Before, I was trying to solve a problem, and that kept me distracted from how much danger I was in. Now, I was out of plans, the window looked too small, and someone was coming for me.
I struggled, kicked, and dragged and hauled my body up until I got one knee on the windowsill with my hands. I’m sure it looked ridiculous, but I was leaving that place one way or another—and I wanted to do it alive, so I went ahead and looked ridiculous. Having a knee to help hold my weight made it easier, and gave my arms a rest.
With one elbow, I knocked at the window to see if I could push it out any farther. It only creaked and made a pitiful splintering noise, but it didn’t go anywhere.
How long did I have before the footsteps reached my door? Thirty seconds? Ten?
My mouth was dry as a desert and my arms were aching, and my knee was starting to slip—but I thought, if I could just get one leg outside through the opening . . . maybe I could slide out on my belly, and that would work, even if I went backward out into the yard.
So that’s what I tried, and at first, I didn’t think it was working.
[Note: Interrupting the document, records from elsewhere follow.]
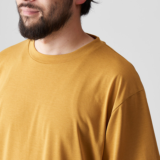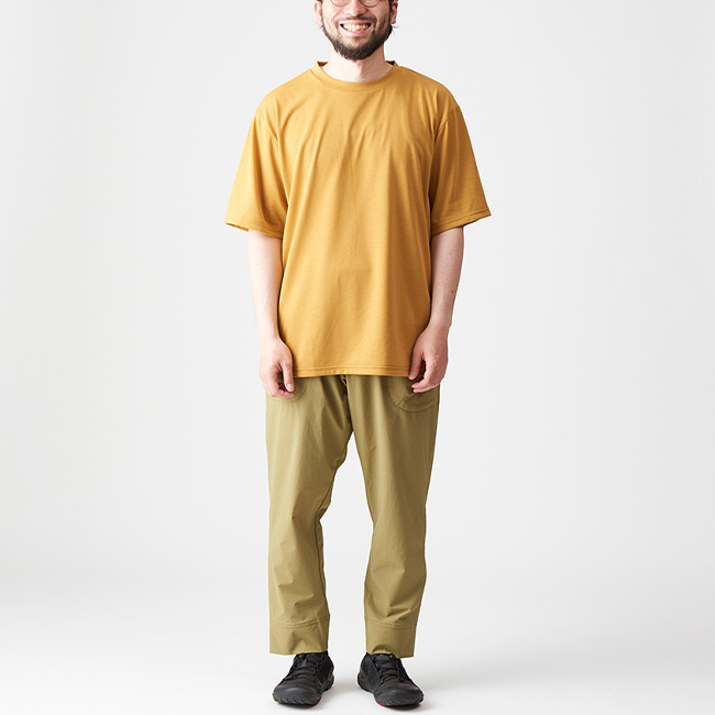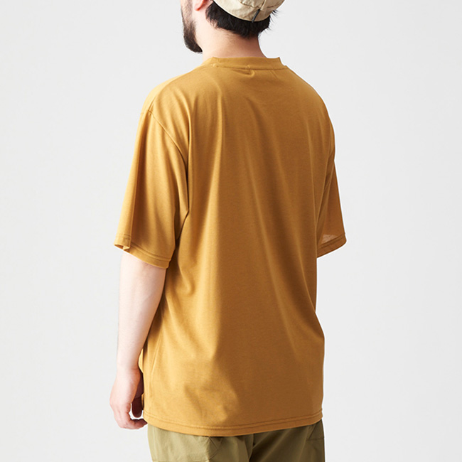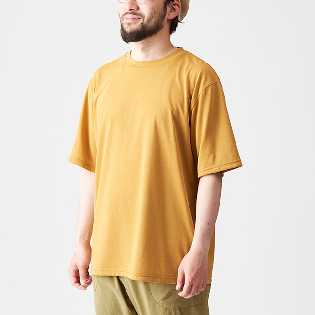 峠を越えて尾根の途中にある山小屋のテラスに着いたらシャツを脱いで涼んでみたくなりますね。そんなとき、吸汗速乾性に優れる旭化成のSUREDRYを採用したショートスリーブのTシャツなら汗を効果的に乾かしてくれます。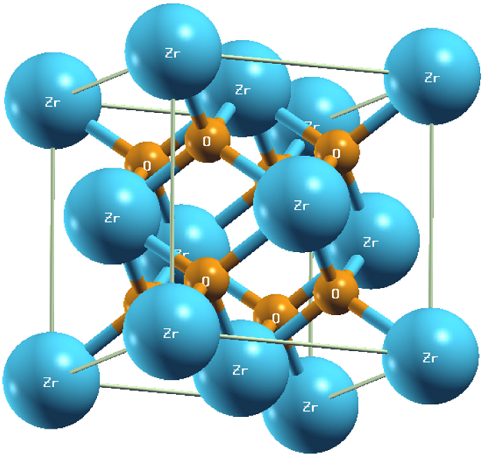 ZrO2 has a cubic crystalline unit cell structure belonging to the space group number 216 Fm3m from the X-Ray Crystallography international table, with a lattice parameter of 5.09Å [18]. The inter-sites defects are represented by empty spheres Z=0. The atoms’ positions are 4a Wyckoff (0,0,0) for zirconium and 8c Wyckoff (1/4,1/4,1/4) and (3/4, 3/4,3/4) for the oxygen atoms. The zirconium oxide unit cell is presented in Fig. 1. The dislocated defects of Iridium are incorporated into the host material by atom change doping where Ir atoms replace Zr ones.
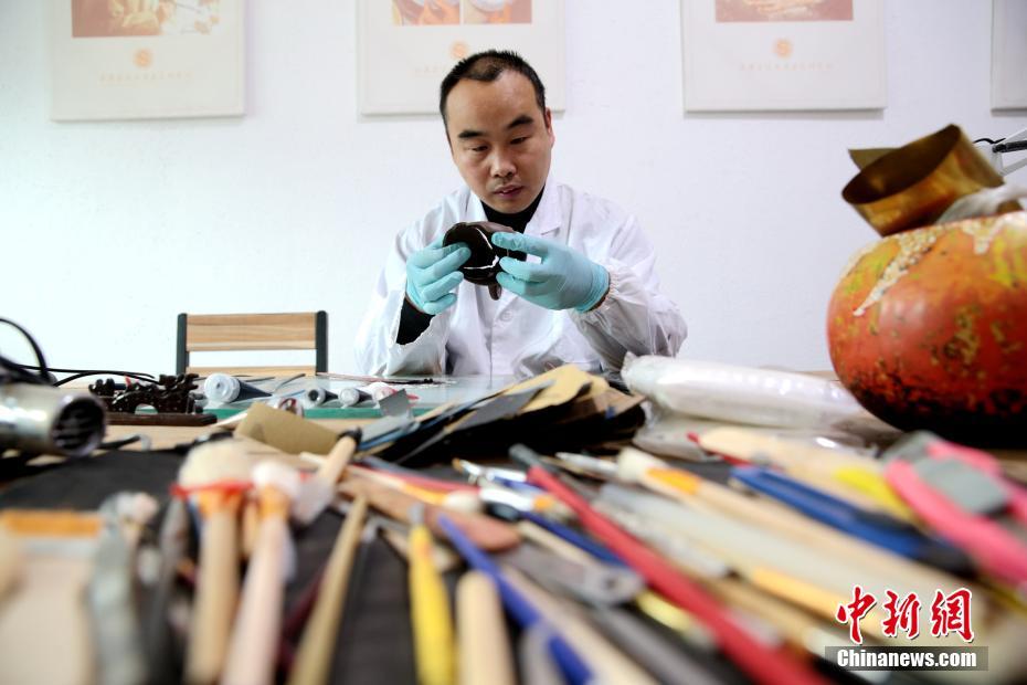 12月16日,李程在位于西安临潼的工艺坊内修复一件茶壶。秦岭是中国生漆主要的原产地,也是中国漆艺发源地之一,大漆修复工艺在陕西流传已久,木制家具、破碎的陶瓷、断裂的木琴等都可用大漆进行粘接修复。作为从事传统漆器的手艺人,李程多年来在他创办的大唐漆艺坊里不断钻研着大漆修复工艺,要将其传承发展下去。 中新社记者 张远 摄

The window’s edge dug into the back of my thigh and tore my dress, but I wrangled my other leg up and over, once I had enough weight up there to balance it. Feetfirst and on my belly, I writhed and wrangled myself through that sliver of an opening, hardly any higher than a loaf of bread. My skirt scrunched up around my thighs, then up over my behind so God and everybody could see my underpants and I didn’t care a bit. Thank God I’ve never been a big woman—which is not something I say every day, because there’ve been plenty of times I wished I was tall and stout and burly enough to defend myself. But not today.